The scope of this work is to develop an integrated environment called OSAS platform. This platform will be able to perform diagnostics and prognostics using exclusively simulated instead of real data. Moreover it will be able to optimise the design of composite aero – structures and select the best SHM system properties.
The design of self – diagnostic structures usually requires several physical tests in order to evaluate the performance of an SHM system and the structure itself. The SENCES project focused on the development of a software tool called OSAS platform that will use validated analysis tools instead of expensive physical tests. With this platform, the designer will be able to model a self – diagnostic structure and perform diagnostics and prognostics using simulated data coming from Multilevel Structural Analysis. Moreover, the platform will have the ability to perform design optimisation and to select the best SHM system properties.
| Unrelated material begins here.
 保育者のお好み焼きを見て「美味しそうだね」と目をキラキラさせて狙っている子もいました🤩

In the course of realising the OSAS platform the following activities have been carried out:
- Approximation techniques have been developed to build computationally inexpensive surrogate models (or meta-models) to replace expensive-to-run multilevel analysis code. The developed meta-models will be used to produce valuable information to perform Diagnostics and Prognostics. Two meta-models are going to be generated for the multilevel analysis model. A global and a local meta-model. These surrogate models use sampled information from high–fidelity analysis codes in order to generate faster and lower–fidelity approximations. Sampled information is determined by the use of Design of Experiments (DoE), which create a set of points that the analysis response will be computed. A Permutation Genetic Algorithm (PermGA) method has been developed in order to generate a high – quality DoE. In order to build reliable surrogates, a Kriging predictor has been combined with a typical Response Surface Method (RSM). The developed Matlab code is developed in a Graphical User Interface environment and has three main procedures: Design of Experiments, Kriging Approximation and Adaptive LHD (for inherited DoE).
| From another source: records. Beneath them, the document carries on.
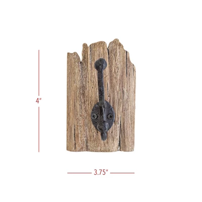 Welcome to your cozy minimalist entryway! This rustic cast iron hook is the perfect addition to your front hallway decor. The matte black finish of the hook is contrasted by the warmth of the natural wood it is mounted on. Inspired by found driftwood pieces the wood is organically shaped, offering a look that will enhance your entryway or mudroom decor. Welcoming in style, this wall hook is a great size for small accessories and light jackets.
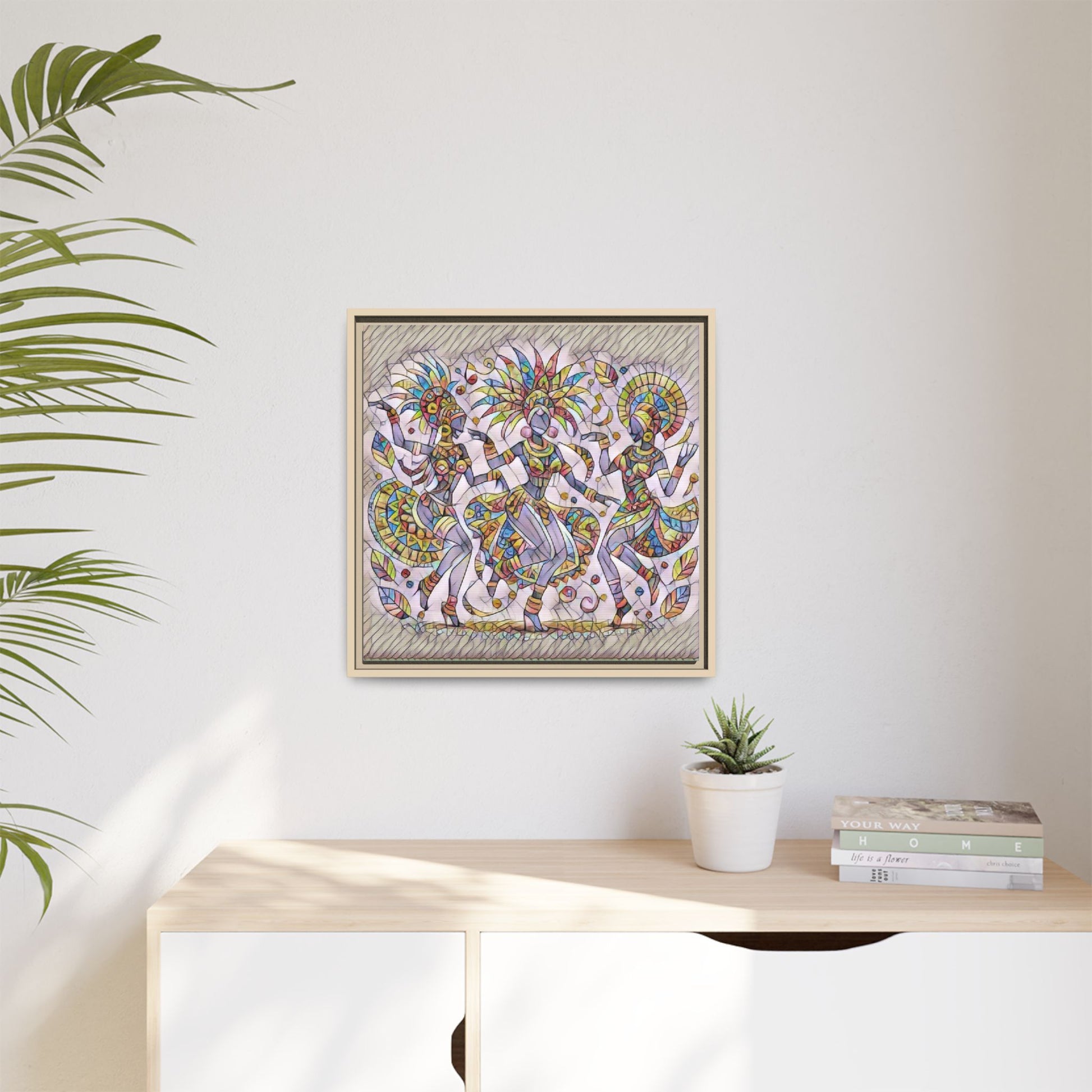 This framed matte canvas brings vibrant, rhythmic energy to any wall. Hand-drawn lines and jewel-tone colors swirl into a celebratory scene—figures caught mid-dance, patterned headdresses, and leaf-like motifs that echo movement. The fine matte finish tames glare and highlights the layered textures in the artwork, while the slim pine frame gives a clean, gallery-ready edge. Hang it in a living room, studio, or hallway to introduce warmth, storytelling, and a touch of handcrafted spirit to your space.
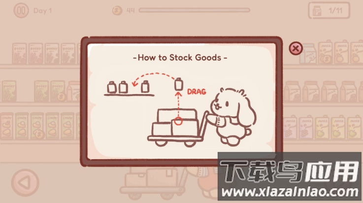 游戏背景设定在一家零食超市,你将协助一位可爱的狗狗店长共同打理生意。通过观察市场动向,制定合适的运营计划,保证店铺每日顺利运转,体验充满乐趣的经营过程。
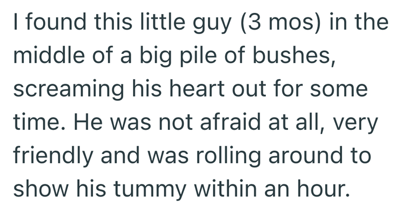 That cat clearly picked you. Not every kitten runs right up to people and starts rolling around for belly rubs within an hour. Sounds like he decided pretty quickly that you were the safe human in the situation. Some cats just know where they want to end up. The fact that he stuck around and bonded so fast makes it feel like the choice was already made on his end.

- A Diagnostic theory and tool have been developed to detect and identify damage using simulated signal information and could be used to assess and optimise the reliability of SHM system. The model takes into account the signal characteristics and uncertainties (e.g. signal noise, signal threshold, etc.) and determines the detected damage parameters (type, size and location). It also takes into account the quantification of the uncertainty coming from the signal. Further to the original expectations, the theory has been complemented with the capability of determining the actual damage size characteristics using the results of the detected state as well as with updating schemes of the damage state when additional monitoring data becomes available, based on Bayesian statistics. Thus, it is able to represent the “true” damage state and its characteristics as a function of time/cycles.
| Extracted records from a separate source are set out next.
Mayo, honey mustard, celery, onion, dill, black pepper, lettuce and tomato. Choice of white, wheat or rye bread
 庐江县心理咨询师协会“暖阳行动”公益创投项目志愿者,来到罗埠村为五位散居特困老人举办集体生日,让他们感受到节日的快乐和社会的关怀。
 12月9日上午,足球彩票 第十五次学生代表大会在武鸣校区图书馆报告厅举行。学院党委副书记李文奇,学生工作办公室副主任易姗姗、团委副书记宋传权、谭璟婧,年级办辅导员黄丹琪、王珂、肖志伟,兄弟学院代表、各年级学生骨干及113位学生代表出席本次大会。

- A comprehensive and detailed Prognostic theoretical tool has been developed to compute the structural behaviour over time. Initially, the Probability of detecting a life – limiting damage is computed using updated information (multiple monitoring events) coming from different SHM systems with different attributes (mixed mode procedures). The next step is to compute the Probability of structural failure due to a non – detected damage for the above cases (multiple – mixed mode). The third step is to calculate the Probability of not detecting a life-limiting damage with a specified rate of occurrence. In the end the synthesis of the above is generalized in order to compute the Probability of Failure for various damage types in different subcomponents (or zones) of the structure. This quantity is very critical in the determination of the maintenance schedule.